Odd. When the following query is run on our production MySQL 5 server we get the duplicate key issue.

(usernames emails and password hashes have been replaced with XXX here for security reasons)

You are right though, the anonymous user should get bumped to 5, not 1. Maybe it is some setting on our production server to ignore auto increment values on import? I'll have to look into that.

The version of phpMyAdmin we are using doesn't insert SET SQL_MODE="NO_AUTO_VALUE_ON_ZERO"; automatically for me - though we are using a pretty old build of it so that may be our fault for not updating. I'm not sure when that statement was added to the phpmyadmin export. Maybe this is a moot point now since there doesn't seem to be a lot of people experiencing this problem.

Still, it would be good to move away from the magic numbers 0 and 1 and instead define constants ADMIN_USER and ANONYMOUS_USER. At the same time, the entries in the users table could be easily updated to work regardless of the mysql settings / phpmyadmin version

I'm using phpMyAdmin 2.11.6. On the export page there is an option in the Data secion "Extended inserts". This is checked by default, and causes the multiple INSERTs for each table to be combined into one (extended) INSERT for the table, which causes the "bumping" effect you describe when NO_AUTO_VALUE_ON_ZERO mode is not active. In your case I can see why you get a duplicate key error since the INSERTs are processed separately.

Guessing, but the NO_AUTO_VALUE_ON_ZERO mode (which was introduced in MySQL 4.1.1) may not be so much a property of phpMyAdmin as of MySQL itself. On the other hand it could be that later versions of phpMyAdmin put this in anyway for safety's sake.

Indeed constants ADMIN_USER and ANONYMOUS_USER sounds sensible. Pontificating, a proper solution is certainly needed for 7.x. For 6.x I'm not sure what the solution is. If Drupal had an option for DB export then it could at least control the format of the dump file and thereby prevent problems on import.

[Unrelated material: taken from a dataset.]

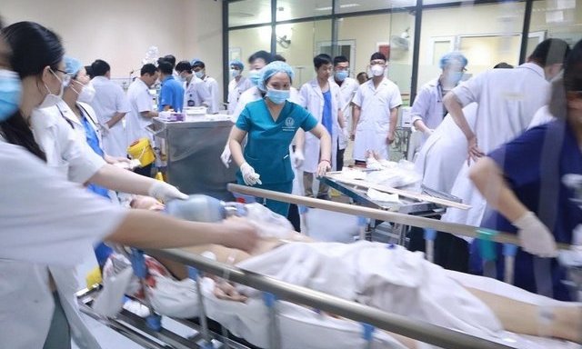 Y bác sĩ, nhân viên y tế Bệnh viện E tất bật cứu chữa nạn nhân của một vụ tai nạn giao thông.
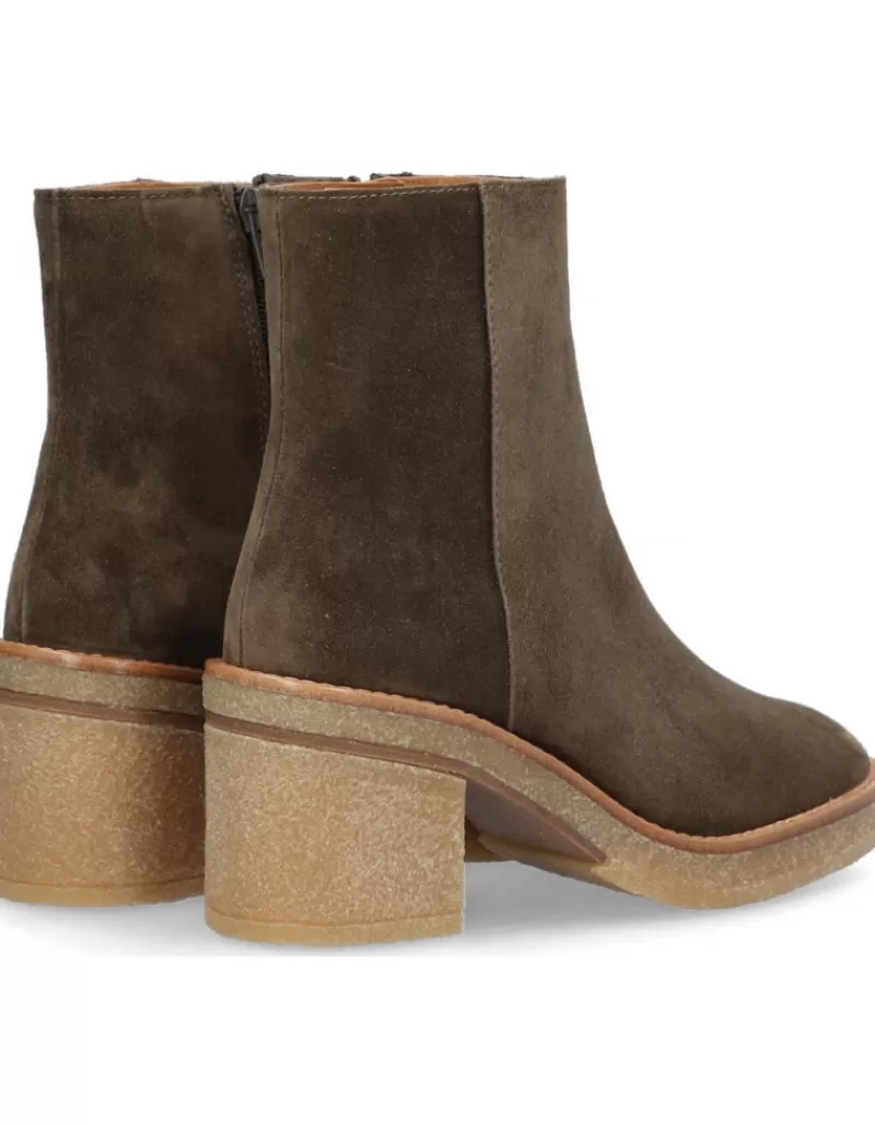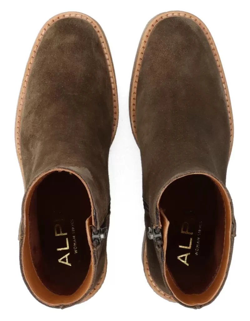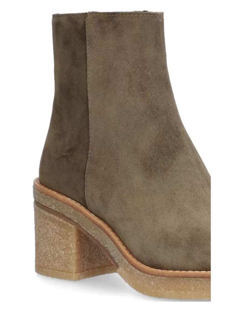 Ankle Boots Para Woman Alpe Janis, Fabricado En Piel (Baby Silk Gliter) De Color Olive Con Tacon De 7,5 Cm, Suela Antideslizante Y Puntera Rounded, Con Cierre Mediante Cremallera Y Cana Low.

I want to note a couple of cases where this causes a problem that can't easily be worked around too.

I'm using phpMyAdmin 2.11.9.1. When I upgrade from one version of Drupal to another, I use it as root to copy over the entire db to a new fresh copy (from the Operations tab) and point the new installation to the new db. This makes it easy to revert back if needed, and don't need to worry about broken export files. I've used this method from D5.1 through D5.10 and it works very nicely.

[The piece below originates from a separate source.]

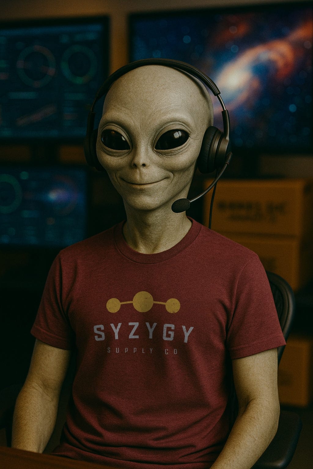 Orders shouldn’t feel like rocket science—unless you want them to. We print each tee on demand within two to three Earth days, slip it into a compostable mailer, and hand it off to tracked shipping that moves at warp-factor speed. Real-time alerts keep you in the loop from launch to landing, and if a meteor ever hits your package, Mission Control is on standby 24/7 at support@syzygysupply.com. Fast, transparent, and human, plus a satisfaction guarantee that lets you exchange or return without leaving orbit.
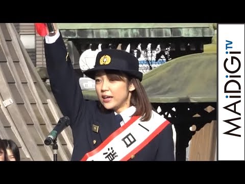 女優の山谷花純さんが1月24日、帝釈天題経寺(東京都葛飾区)で行われた「文化財防火デー消防演習」で一日消防署長を務めた。

Unfortunately this now breaks with D6. phpMyAdmin will copy the entire db up to the users table, and then error out with a duplicate record (uid 0 gets bumped to uid 1 in the new copy, and then it tries to insert the next record with uid 1 also). I have no known means to make it insert a NO_AUTO_VALUE_ON_ZERO setting (as there are no files exported or imported to edit) short of changing the *global* sql_mode for the entire server, not just the Drupal db. Which I'd rather not do of course as I have no idea what else that might affect.

The other case is simply using phpMyAdmin in the same fashion, but copying just the users table on its own (to a new db or new table name) also produces the duplicate error.

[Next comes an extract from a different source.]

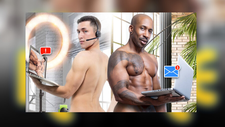 "Tristan leaves a virtual work meeting for a quick 'cum break,' but doesn’t realize that he accidentally left his video on and all of his coworkers are watching him thrust his long dick into Jim's hungry hole," added the rep. "Multi-regional director Max is shocked by Tristan's behavior, but not enough to actually turn off the NSFW video call. After watching his employee engage in some action, Max employs assistant Andy to choke on and suck off his XXL cock."

For me, the work around I did meant that when I wanted to upgrade my test D6.4 site to D6.5, I ended up having to delete uid 0 from the users table so I could copy the db. It didn't seem to break anything, but I see from here there will be JOIN cases where that'll be an issue, so I'll insert it back in now.

Now if someone knows how to force phpMyAdmin to do NO_AUTO_VALUE_ON_ZERO on a full db copy, that'd probably solve my issue at least. My internet searches for a solution only find people doing exports and imports.

Though fundamentally, it seems like we shouldn't be having a key of 0 for a table with an auto-inc key.